Tuesday, February 7, 2012

February COAAST survey

Despite the dreary-sounding weather report, the sun rose to display a pink sky and continued shinning all day long in a near cloudless sky. It was time once again for our monthly beach survey out at Boy Scout Beach. We packed a small snack and hit the trail a little earlier than normal. The 45-minute drive out to the trailhead gave us glimpses of blue sky and snow covered mountains. We weren't sure what the trail condition would be with the recent 4 feet of snow and then two days of rain. The twice a day shoveling I did while Tim was in Florida has reduced itself into patches of green grass and a few mounds of soft snow. I keep wondering if we shouldn't just ignore the snow when it falls as it always seems to melt a few days (or a week in this case) later.

We had our snowshoes but ended up only needing our microspikes. If you veered off the trail then you fell through the snow up to your (my) knee but it was a pretty wide pathway so wasn't too bad. There was only a few really icy spots but it was reassuring to have the microspikes.

When we finally made it to the beach the view was incredible and we slowing shed outer clothing as we got out of the forest and into the open. It was like a spring day. There was warmth from the sun and no wind.

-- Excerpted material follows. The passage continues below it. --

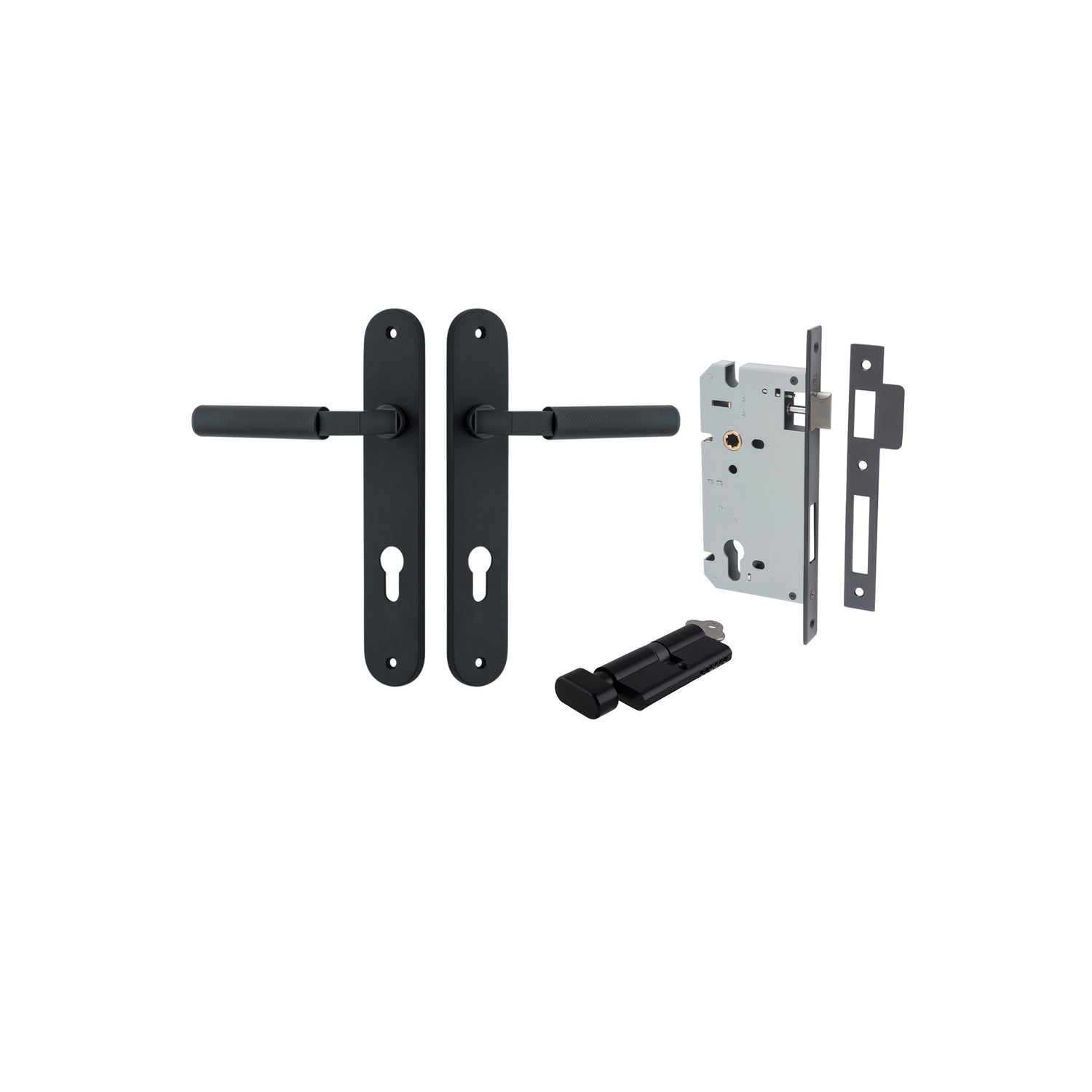 - Entrance Set, Key/Turn- Comes with 2 handles, Long body mortice lock, 2 x cylinder escutcheons (Cover plates for cylinder) & Euro Cylinder with Turnsnib on the inside

And then we found a deceased adult Bald Eagle near the high tide mark from the previous high tide (around midnight). The bird had all of its outer parts but was just a carcass of bones and features. We didn't need the identification book this time to know it was an eagle.

With wings measure 110 cm and a tarsus measuring 60 mm it was a very large bird, so probably a female although we can't confirm.

Bald guy with the bald eagle.

We taged the bird with our designated Orange band and since it was our second bird it got another orange tag double orange (in COASST speak).

We remarked that if we had to find a deceased bird, that the weather conditions we had were the best for it. It would have been miserable if it had been pouring down rain or snow while we were taking measurements or trying to make notes on the data sheet.